BBC:- Tareas sexistas: «Como mujer, estoy acostumbrada a hacer tareas ingratas».

«A veces me siento como una madre, a veces me siento como si fuera una esposa inútil», explica María, de Argentina, al describir su rol en su trabajo.

Esta sudamericana de 30 años, que insistió en usar un seudónimo, comenzó a trabajar cuando era una adolescente.

A la edad de 19 años, consiguió un trabajo como secretaria de un político. La descripción del trabajo decía: «El rol implica encargarse de la administración de la oficina, gestionar citas y responder a llamadas telefónicas».

Sin embargo, dice que en realidad su rutina diaria, incluso hoy en día, a pesar de que la han promovido, a veces implica preparar café, calentar comidas y servírselas a su jefe.

A veces también tiene que limpiar tazas y platos usados.

«Para el cumpleaños de su esposa, incluso me pidió que le comprara flores porque estaba demasiado ocupado», asegura.

Pero María no es la única a quien le pasa esto.

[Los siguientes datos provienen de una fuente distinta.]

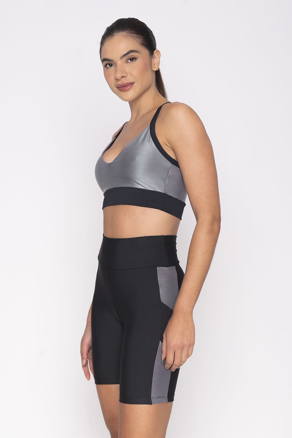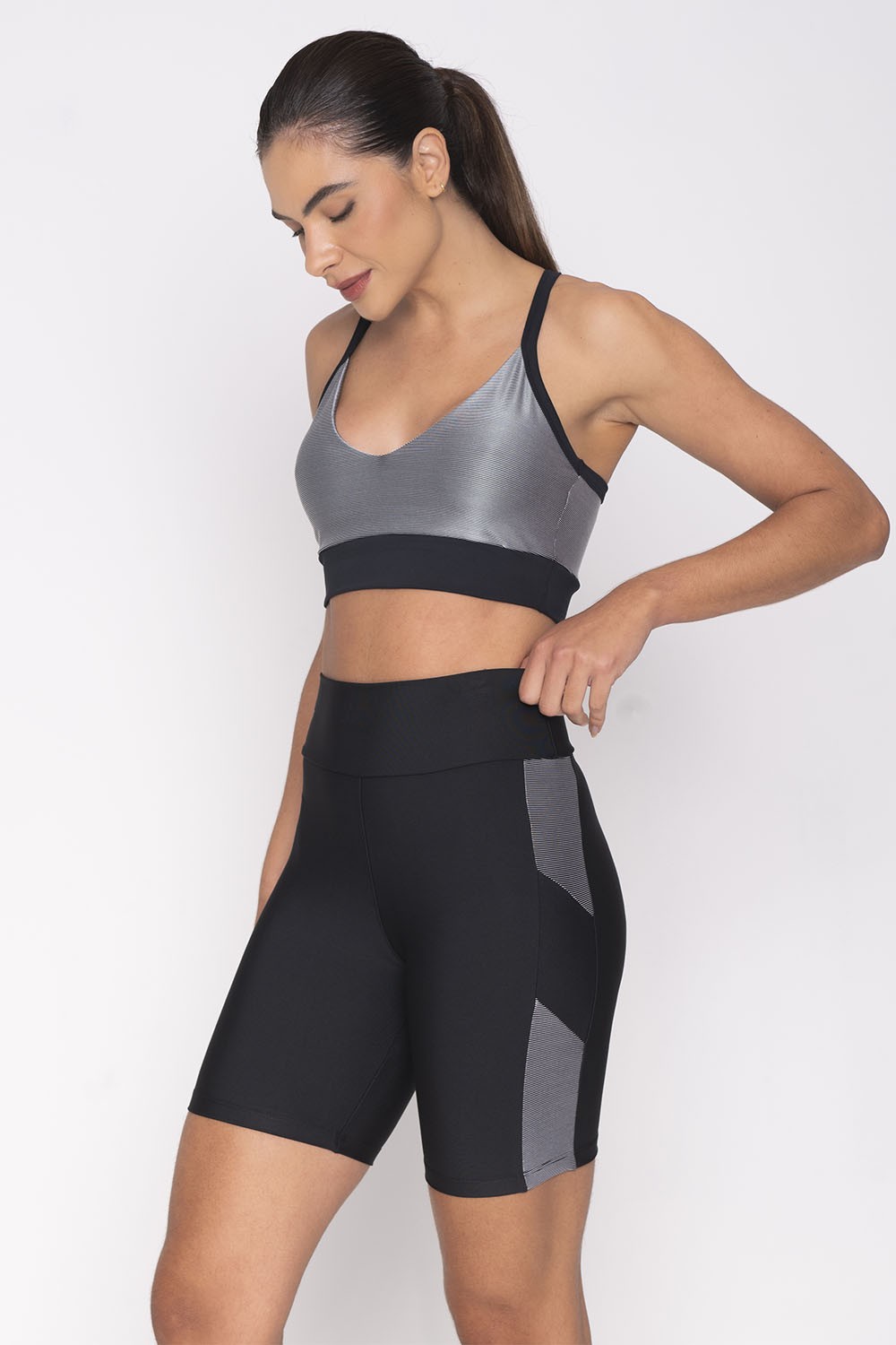 Bermuda fitness preta com detalhes em listras prata nas laterais. O comprimento é acima do joelho, dando mais segurança e tranquilidade, além de o tecido ser ajustado ao corpo e deixar um lindo caimento.
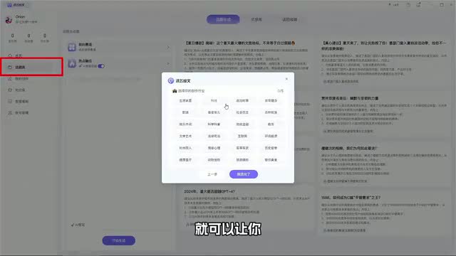 如果你也想知道ai是如何生产出一篇文案的那就跟着我一起看下去吧要写出一篇好的文案,第一步就是选题了,一个好的选题不仅能让大多数新手文案保持良好的精神状态,还能让你避免被后期毒打。而讯飞绘雯的选题库功能,就可以让你免遭这种心灵和肉体的双重折磨。在讯飞绘文选题库中,我们可以通过选择赛道,让a i从各大网站中捕捉热点,并且通过在对话框内输入内容,再让它进行抓取,这样ai就会结合当下热门话题为你提供创作思路。
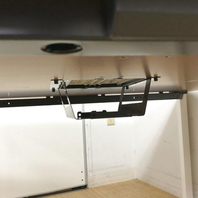 フラットな配線口はモニターを置いたり、クランプアームを付けれたりと便利な仕様
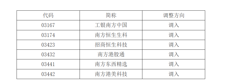 11月10日,6只在香港上市的ETF纳入“南向ETF通”。沪深交易所10月31日发布的公告显示,11月10日起有6只在香港上市的ETF调入沪港通、深港通下的港股通ETF名单,分别为工银南方中国、南方恒生生科、招商恒生科技、南方港股通、南方东西精选、南方港美科技。
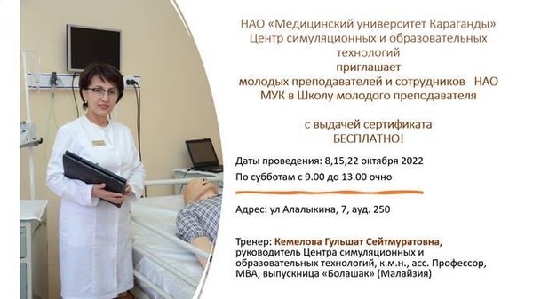 Симуляциялық және білім беру технологиялар орталығы «Қарағанды медицина университеті» КеАҚ BostanovaZ@qmu.kz Тел: WhatsApp) Уважаемые преподаватели! ЦСОТ приглашает профессорско-преподавательский состав НАО МУК на онлайн-обучение с выдачей сертификата по циклу повышения педагогической квалификации «Эффективный преподаватель» Целевая аудитория: ППС НАО МУК, которые ранее получили сертификаты по данному модулю и необходимо пройти ППК раз в 5 лет Дата проведения: 10 октября по 14 октября 2022 г. Место проведения: платформа WEBEX, с 15.00—18.00 ⏰Объем: 60 часов/1 неделя/2 кредита Обучение бесплатное. Запись до 8 октября время до 12.00 отправлять на почту BostanovaZ@qmu.kz Контакты: Центр симуляционных и образовательных технологий НАО «Медицинский университет Караганды» BostanovaZ@qmu.kz Тел: WhatsApp)

Las mujeres en EE.UU., por ejemplo, tienen el doble de probabilidades que los hombres de que se les pida realizar tareas domésticas en el lugar de trabajo, según Lise Vesterlund, autora y profesora de economía en la Universidad de Pittsburgh.

Y, según un informe del Banco Mundial, aunque las mujeres constituían alrededor del 39% de la fuerza laboral mundial en 2021, un número muy pequeño termina en puestos de liderazgo.

La revista Forbes dice que en 2021 solo alrededor del 8% de las 500 empresas más grandes del mundo estaban dirigidas por mujeres.

En este artículo hablamos con mujeres de todo el mundo sobre su experiencia y te ofrecemos consejos sobre cómo decir no a tareas no promocionables, a menudo sexistas, denominadas «tareas domésticas de oficina».

«Cuando empecé mi primer trabajo como periodista, estaba muy entusiasmada. Pensé que iba a cambiar el mundo, pero comencé limpiando y quitándole el polvo a las mesas«.

Rafat es una locutora que trabaja para la Voz de Nigeria, la estación de radiodifusión del gobierno, en Abuja, la capital del país.

Antes de conseguir el trabajo gubernamental, tuvo que trabajar en diferentes empresas privadas donde dice que se esperaba que hiciera tareas que iban más allá del ámbito del trabajo profesional.

Rafat era la más joven de las dos mujeres reporteras en la oficina y se le encomendó la tarea de mantener la oficina limpia y ordenada.

«Limpiaba mi casa antes de ir a trabajar y luego, ¿qué fue lo primero que me pidieron que hiciera? Me pidieron limpiar la oficina».

Rafat afirma que se defendió y les dijo a sus empleadores que contrataran a alguien de limpieza.

«Me dije a mí misma: ‘De ninguna manera. No lo voy a hacer’. Empecé a resistir. Ni siquiera podían entender por qué».

Rafat dice que su respuesta dejó perplejos a sus colegas y luego renunció al trabajo.

«Si una mujer se niega a hacer alguna tarea, la gente piensa que eres arrogante y que por eso no estás casada».

«Tareas domésticas de oficina»

Estas mujeres compartieron sus experiencias con BBC Mundo.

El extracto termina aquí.